Итак, первое противоречие заключается в следующем. С одной стороны, общество рассматривается социологами как целостное образование. С другой стороны, является общепринятым выделение экономической, политической и культурной (социальной, идеологической, социокуль-
турной) сфер общества, и каждая из них, хотя и признается общественной подсистемой, уже давно изучается самостоятельно. Выражением этого, в частности, является усиливающееся размежевание экономики, политологии и культурологии, вопреки призывам объединить усилия в исследовании мировых социальных систем. В связи с этим целесообразность выделения названных сфер при социологическом взгляде на общество все чаще подвергается сомнению. Сошлемся на часто цитируемое по этому поводу высказывание И. Валлерштайна, который прямо заявляет, «что ни одна пригодная исследовательская модель не может разделить "факторы" в соответствии с экономическими, политическими или социальными категориями, иметь дело только с одним видом переменных, считая другие переменные постоянными. Мы утверждаем, что существует единый "набор правил", или единый "набор ограничений", внутри которых оперируют эти различные структуры» [5, с. 134]. Другими словами, Валлер-штайн полагает необходимым отказаться от такого триединого представления об обществе как непродуктивном с эвристической точки зрения, т.е. не позволяющем глубже понять социальную реальность.

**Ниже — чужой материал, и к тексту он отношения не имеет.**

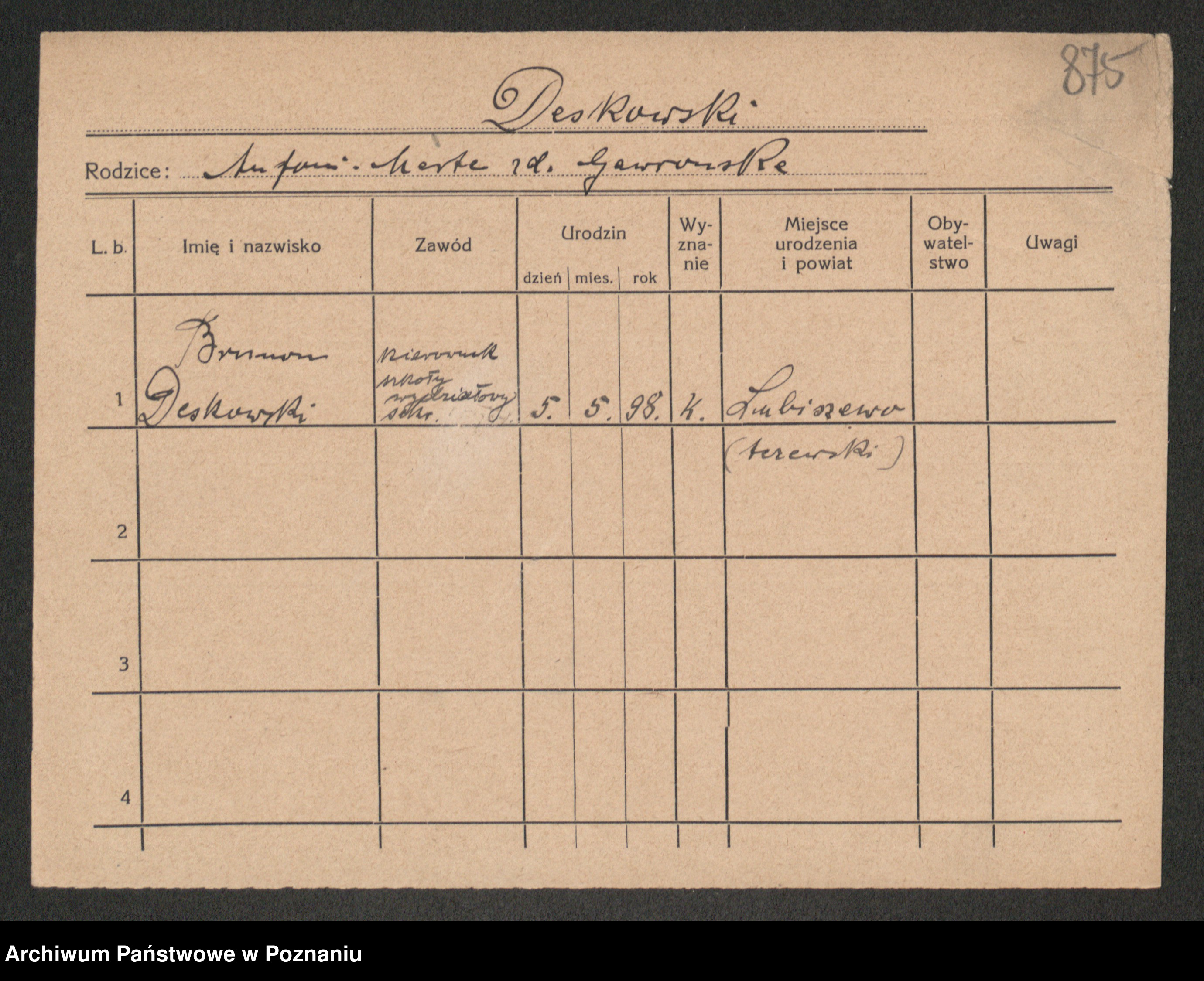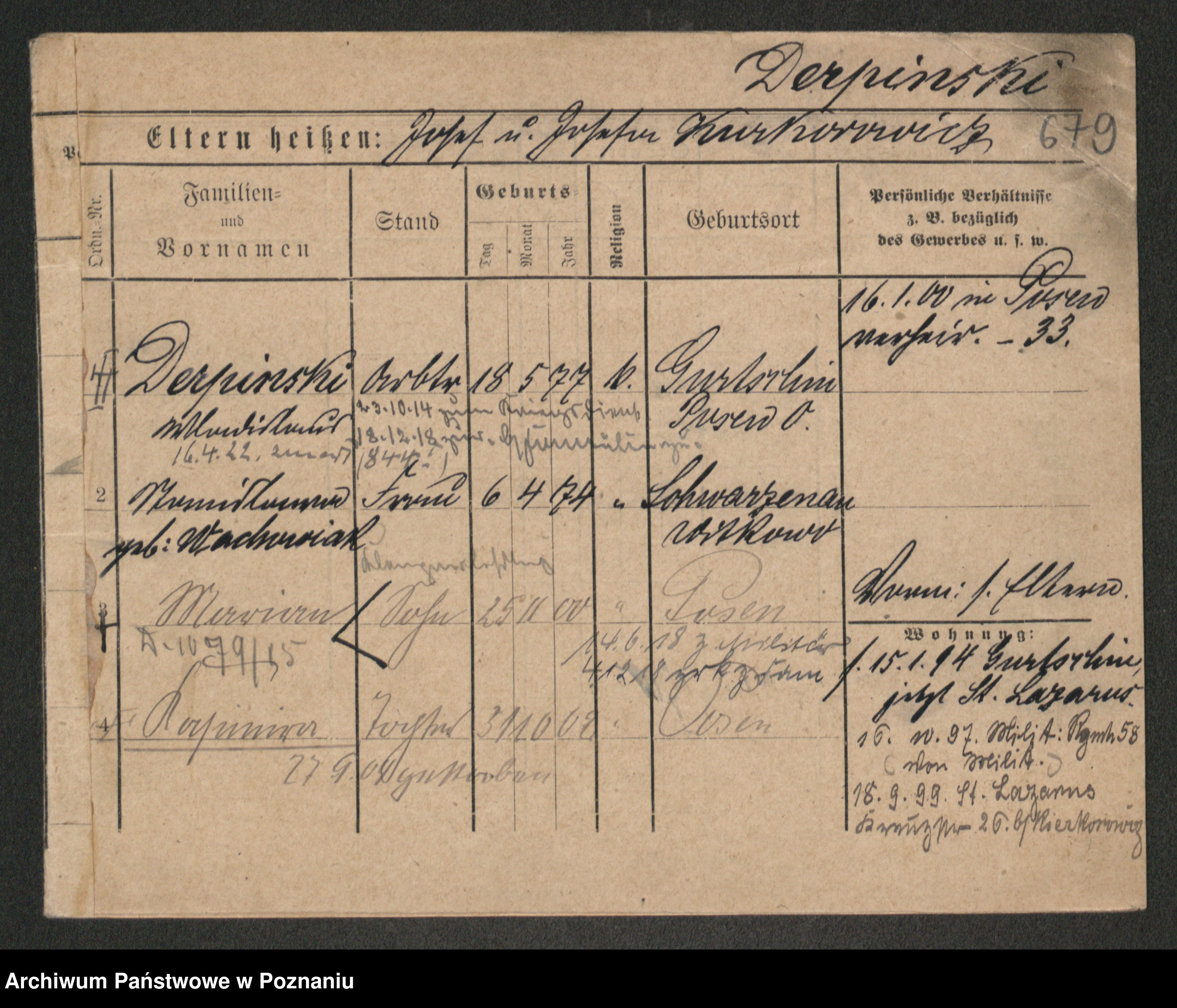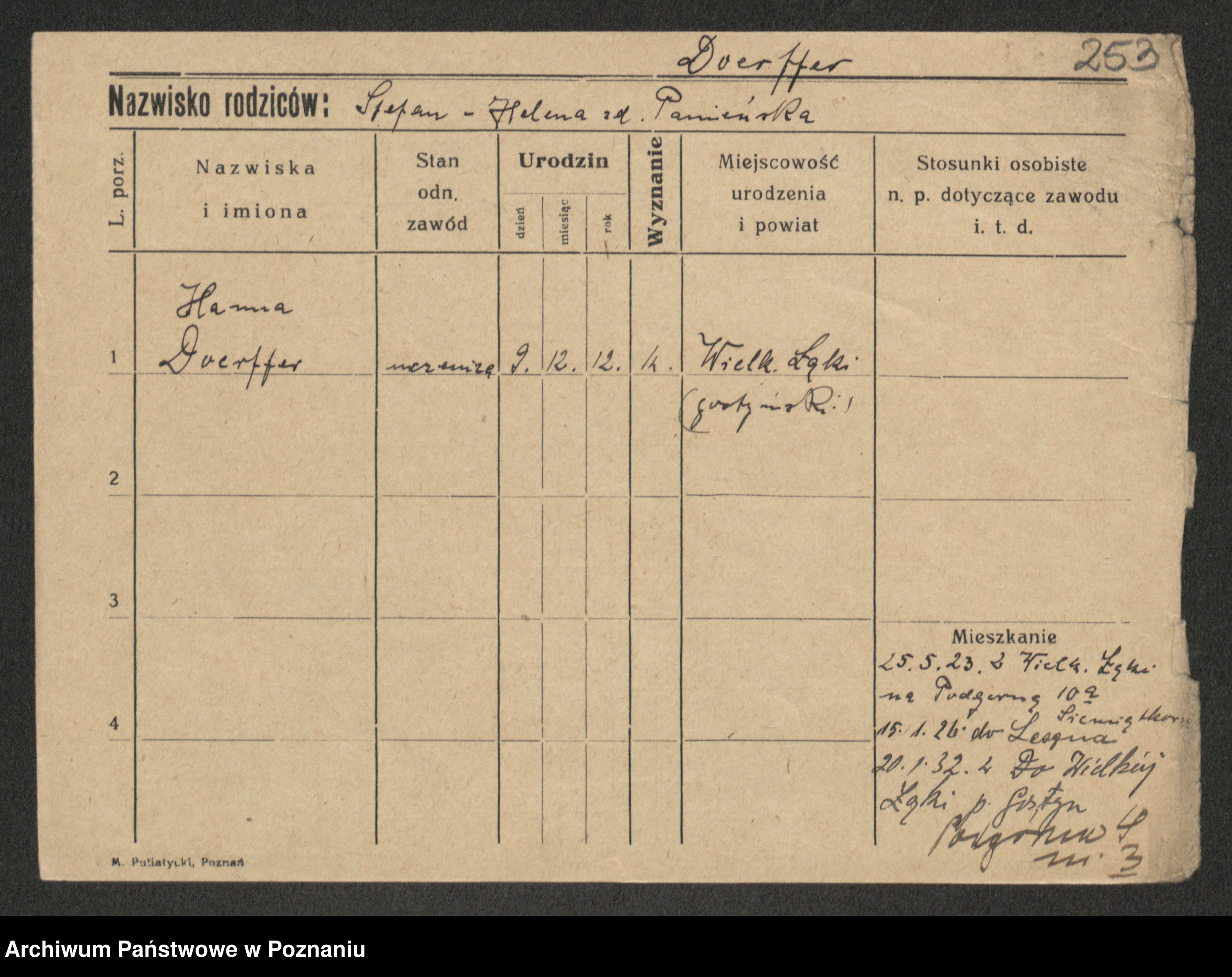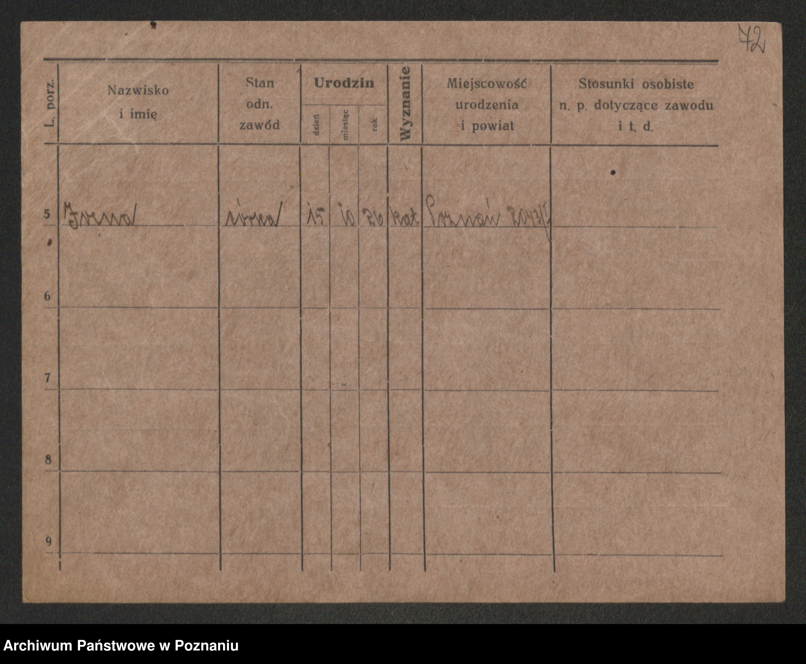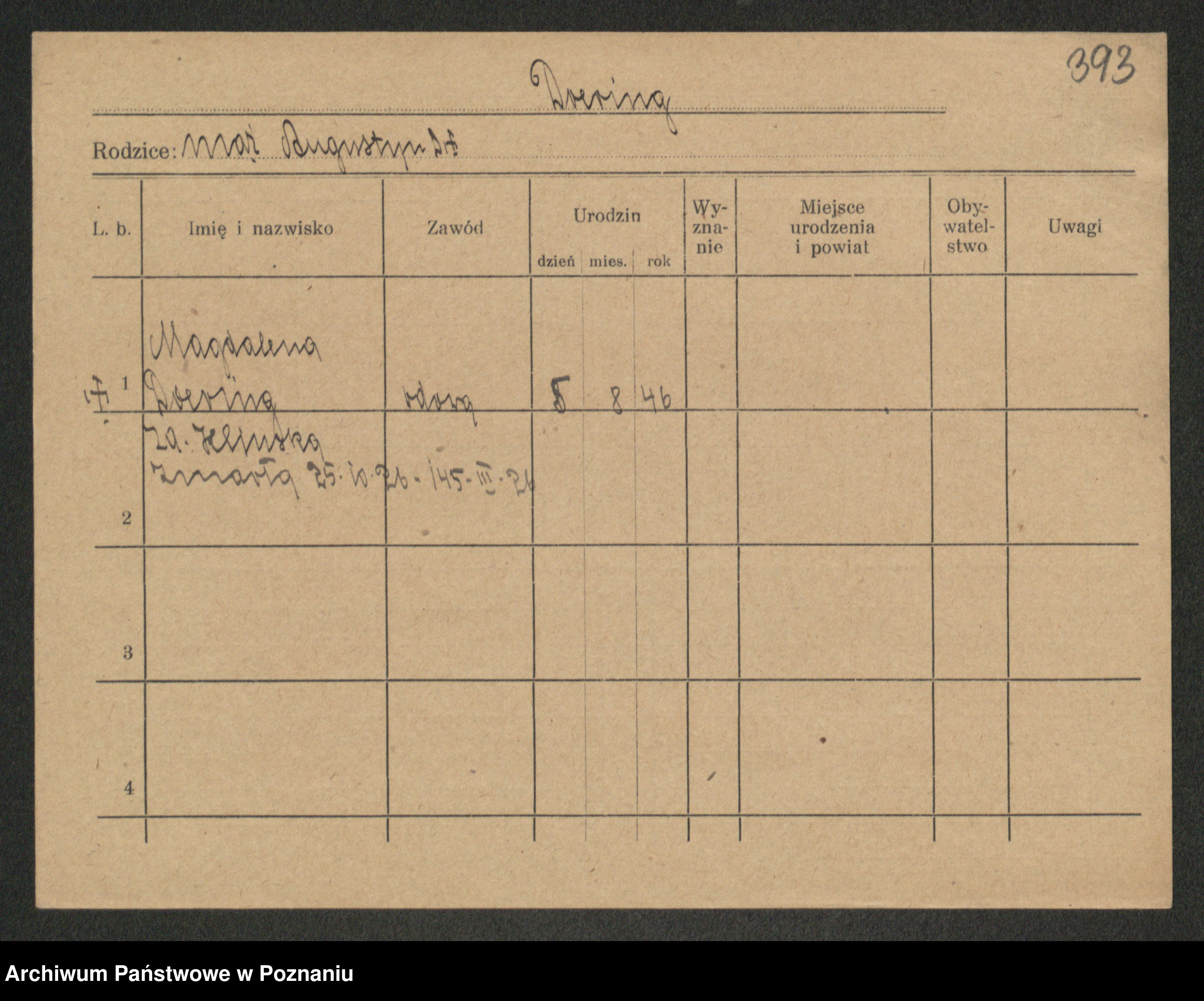 Podgląd karty osobowej dostępny jest po kliknięciu na nazwisko lub ikonkę karty. Można dokonywać powiększenia (ikony na górze) lub przechodzić między kolejnymi skanami (strzałki po bokach).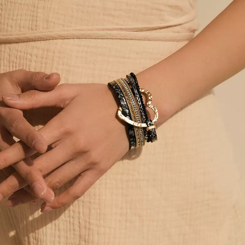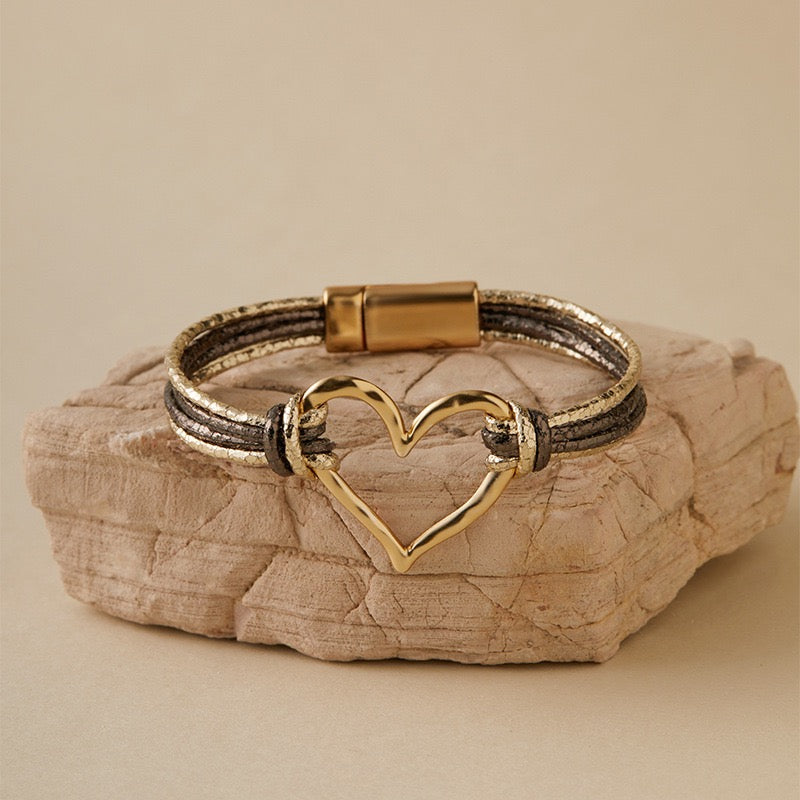 Heart Shape Leatherette Magnetic Bracelet B4289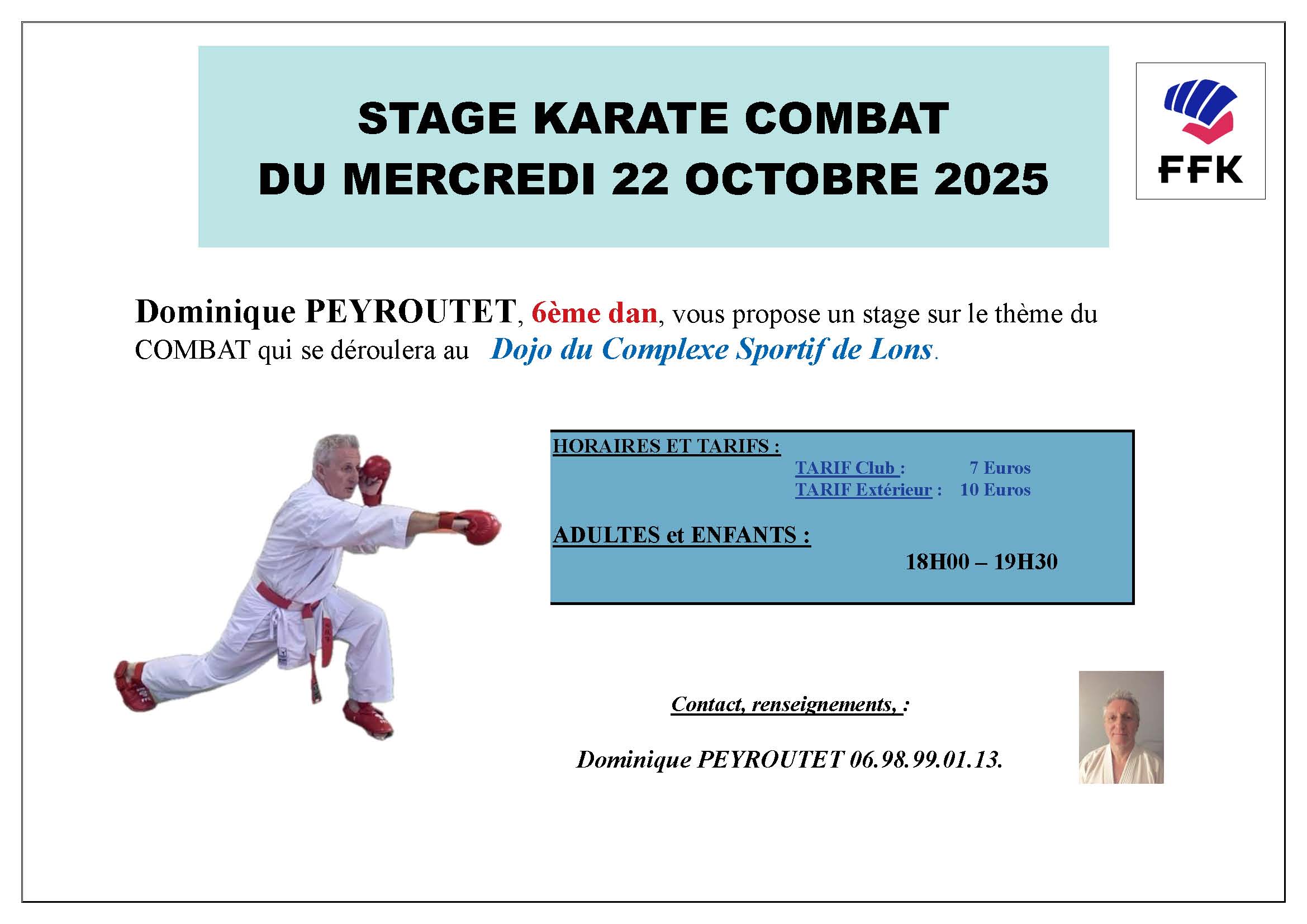 - K.C. LONS : Mercredi 22 Octobre 2025 – Stage Karaté Combat animé par Dominique PEYROUTET – 6° Dan – DOJO du Complexe Sportif de LONS 64140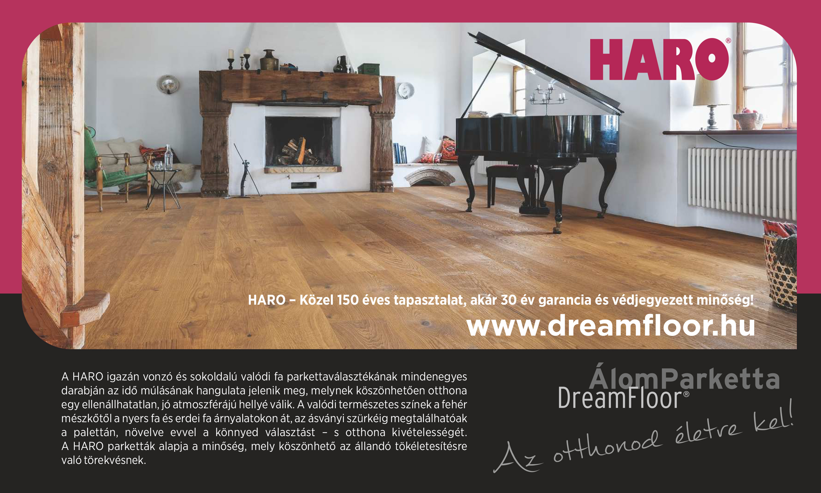 A népszerű Otthon magazin októberi számában bemutatásra került a HARO szalagparketta kollekciója: „Változást hozunk az életébe a HARO valódi fa parkettáival, melyek az idő múlásáról mesélnek…” A HARO igazán vonzó és sokoldalú valódi fa parkettaválasztékának mindenegyes darabján az idő múlásának hangulata jelenik meg, melynek köszönhetően otthona egy ellenállhatatlan, jó atmoszférájú hellyé válik. A valódi természetes színek a fehér mészkőtől a nyers fa és erdei fa árnyalatokon át, az ásványi szürkéig megtalálhatóak a palettán, növelve evvel a könnyed választást – s otthona kivételességét. A HARO parketták alapja a minőség, mely köszönhető az állandó tökéletesítésre való törekvésnek. HARO – Közel 150 éves tapasztalat, akár 30 év garancia és védjegyezett minőség!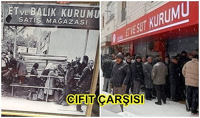 1960’lı yılların başlarında Et ve Süt Kurumu olarak da bilinen kombina satış mağazalarında başlamış bu kuyruklar. Yıllar geçtikçe kurum yenilenmiş, hatta ismi bile değişmiş ama mağazalarının önünde ki kuyruklar hiç değişmemiş. Fotoğrafına yer verdiğimiz kuyruk, bugün ki kuyruklardan farksız. Yer, mevsim önemli değil. Ha Ankara, ha Erzurum, hiç farketmiyor. 1969 yılında Ankara’da Et ve Balık Kurumu EBK’nın önünde biriken ve Erzurum İl Müdürlüğü’nin hizmet binasının birinci katında da asılı bulunan et kuyruğunun fotoğrafı, bize aslında bu kuyrukların tarih boyunca hep olduğunu da gösteriyor.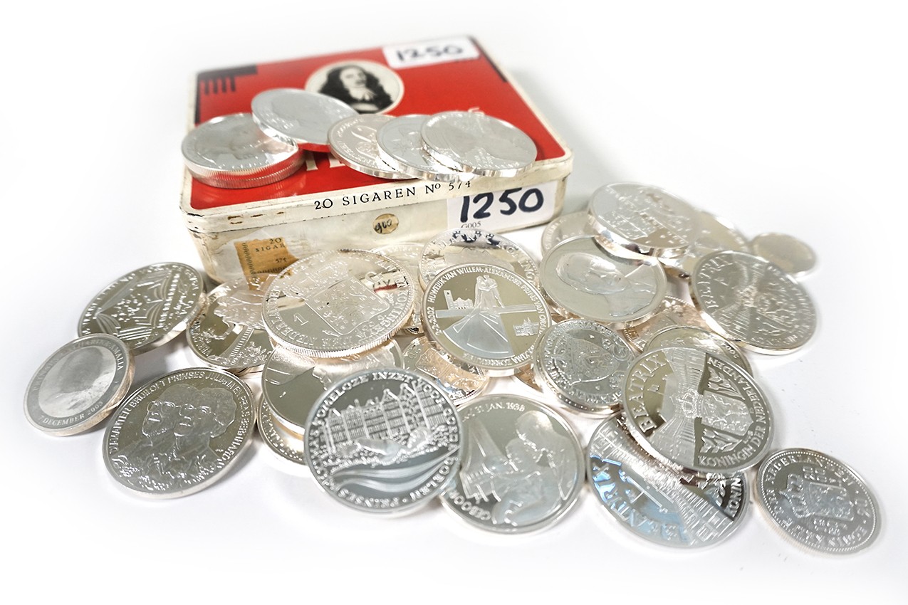 Blikje moderne sterlingzilveren penningen laat 20e / begin 21e eeuw. Netto zilver: 808 gram.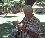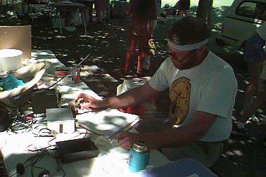 A touch of 'Amateur action'. The picnic QRP antenna... and J. C. Smith (KE6EIJ)
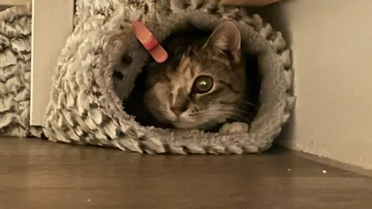 Already a loving cat mom to three other shelter kitties, all with past traumas of their own, she knew how to create a home where a hurting animal could just be. She brought the tiny one-eyed kitten home and let her choose her hiding places—first under furniture, then behind the washer, and eventually… behind curiosity.

Видимо, до тех пор пока не предложено конвенциональной, то есть принятой и разделяемой большинством, социологической методологии, которая позволяла бы анализировать эти подсистемы совместно, в рамках определенного типа общества, названное противоречие останется. Попробуем включить «социологическое воображение» с тем, чтобы сделать первый шаг к преодолению этого противоречия, попытаемся предложить такое рассуждение, в котором фиксируется одновременно и единство, и триединство общества. Схематически оно представлено на рис. 1.
«Плоскость» политики
«Плоскость» идеологии
«Плоскость» экономики
Рис. 1. Феномен общества в системе теоретических координат
Суть его состоит в следующем. Известные общественные сферы — экономика, политика и идеология* — не существуют обособлено. Любое социальное действие, т.е. осуществляемое субъектами общества, од-
*Подробная аргументация того, почему в качестве третьей общественной подсистемы выделяется именно идеология, см. [9].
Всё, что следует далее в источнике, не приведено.